Language change proposal

Tue Nov 4 19:05:27 CET 2003

Michael Hobbs wrote:

> Joachim Durchholz said:
> 
>>Michael Hobbs wrote:
>>
>>>That line seems to imply that if an entity contains an encoding
>>>declaration, then the whole entity must be encoded with that encoding.
>>>This presents a chicken-or-egg problem in that how is an XML processor
>>>to process an encoding declaration before it knows what the encoding
>>>is?
>>
>>The first byte of an entity is always a specific character (probably "<"
>> for XML).
>>Assuming the entity is correct, the XML processor can infer at least a
>>first estimate of what encoding was used, and later check it against the
>> encoding declarations.
> 
> 
> Okay, before you wrote this, I hadn't realized that every character
> encoding (besides UTF-16 and EBCDIC) is a superset of ASCII.

Oh, there /are/ character sets that vary wildly.
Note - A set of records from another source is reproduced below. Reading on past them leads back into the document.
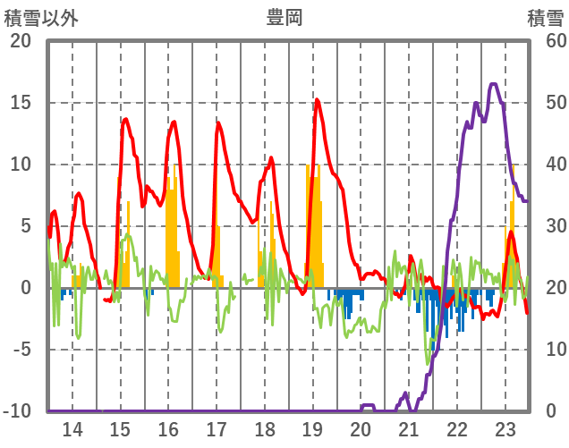 | 日 | 時 | 気温 | 降水 | 風向/風速 | 日照 | 積雪 | 降雪 |
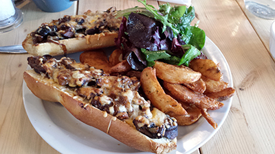 Opted for the cremini and portobello mushrooms sautéed with caramelized onion and deglazed with red wine, served open-faced on a fresh baked roll with melted Welsh Cheddar.
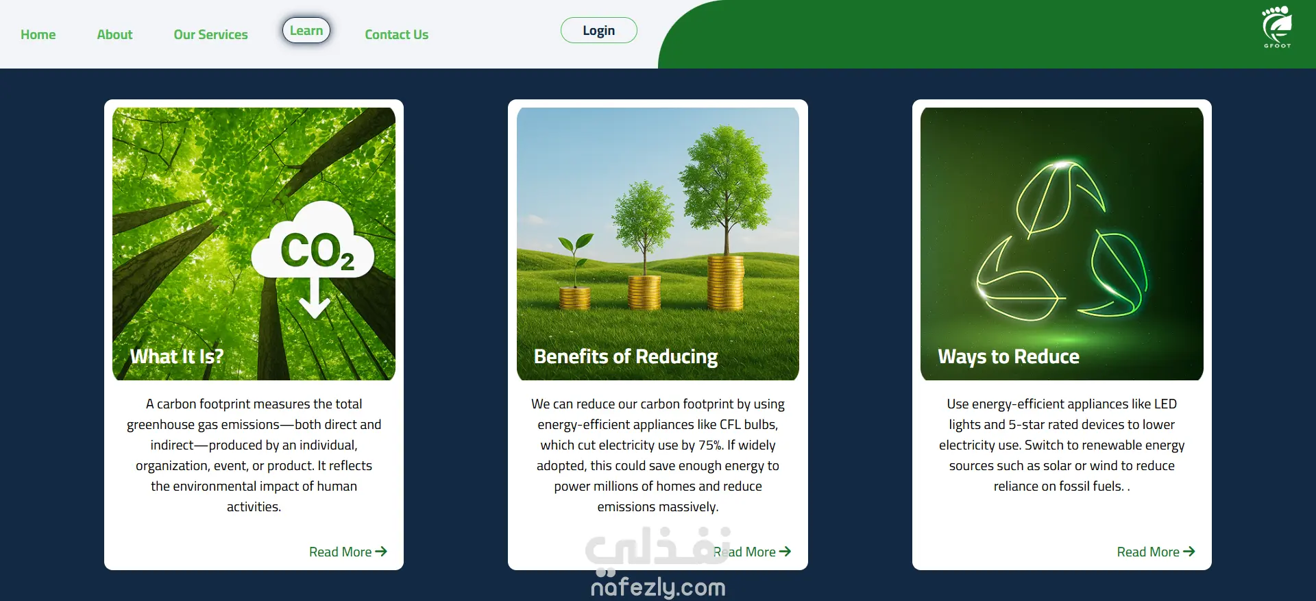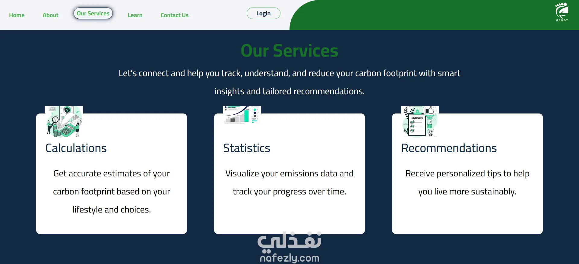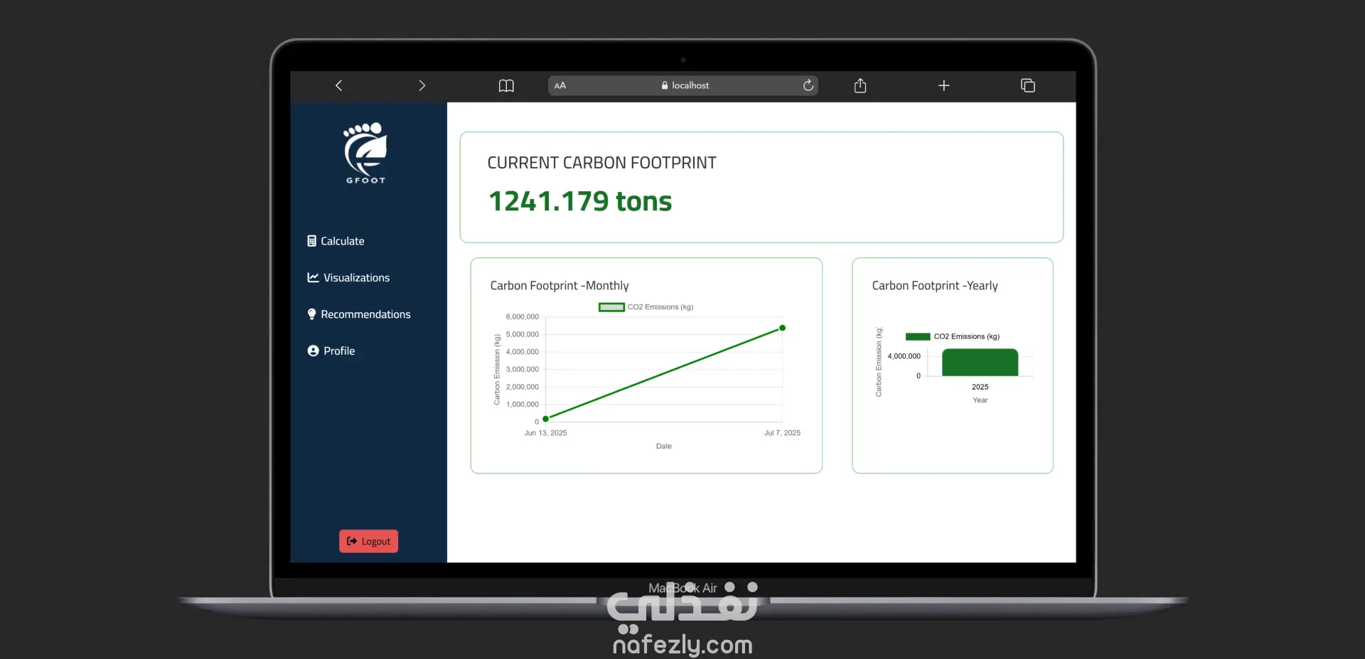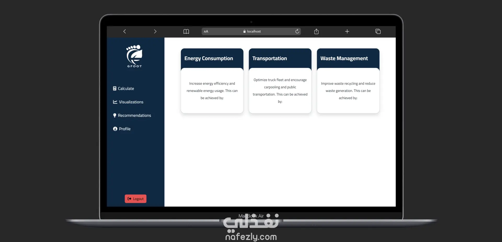 GFoot هو تطبيق ويب تفاعلي تم تطويره كمشروع تخرج، يهدف إلى تمكين المستخدمين من حساب وتقدير البصمة الكربونية الخاصة بهم بناءً على أنشطتهم اليومية مثل وسائل المواصلات، استهلاك الطاقة، والعادات الاستهلاكية.
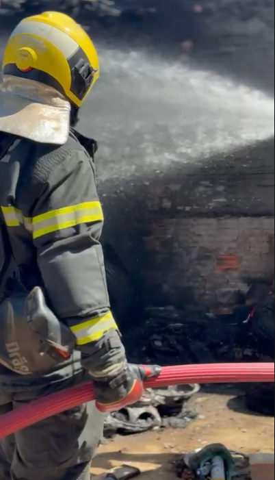 Segundo os bombeiros, ao chegar ao local foi feita a avaliação da área e a eliminação de riscos. Em seguida, a equipe montou linhas de combate para extinguir os focos restantes. O fogo atingiu uma área utilizada para armazenar pneus, causando danos em parte da estrutura, incluindo uma porta de madeira e o telhado.

The Leibniz Computer 
Center in Munich had several CDC computers, which sported non-standard 
word sizes (48-bit words), non-standard character sets (6-bit, A-Z are 
codes 1-32, 0-9 are 33-44), and a raw computing power that exceeded the 
best IBM machines by a factor of ten, and stayed the fastest machine on 
the market until about 1960 (when it was outdone by its own chief 
engineer who had founded his own company, Cray Research *g*).

You can find this and other CDC-related character sets at 
http://www.informatik.uni-hamburg.de/RZ/software/gnu/utilities/recode_9.html 
if you're interested :-)
Actually, the "recode" tool still understand these character sets, 
supposedly because recode originated on a CDC :-)

These encodings are more of historical interest than anything else, 
though. I'm pretty sure that only few machines with truly non-ASCII 
non-EBCDIC encodings exist, and that even fewer would call for an Erlang 
port...

Regards,
Jo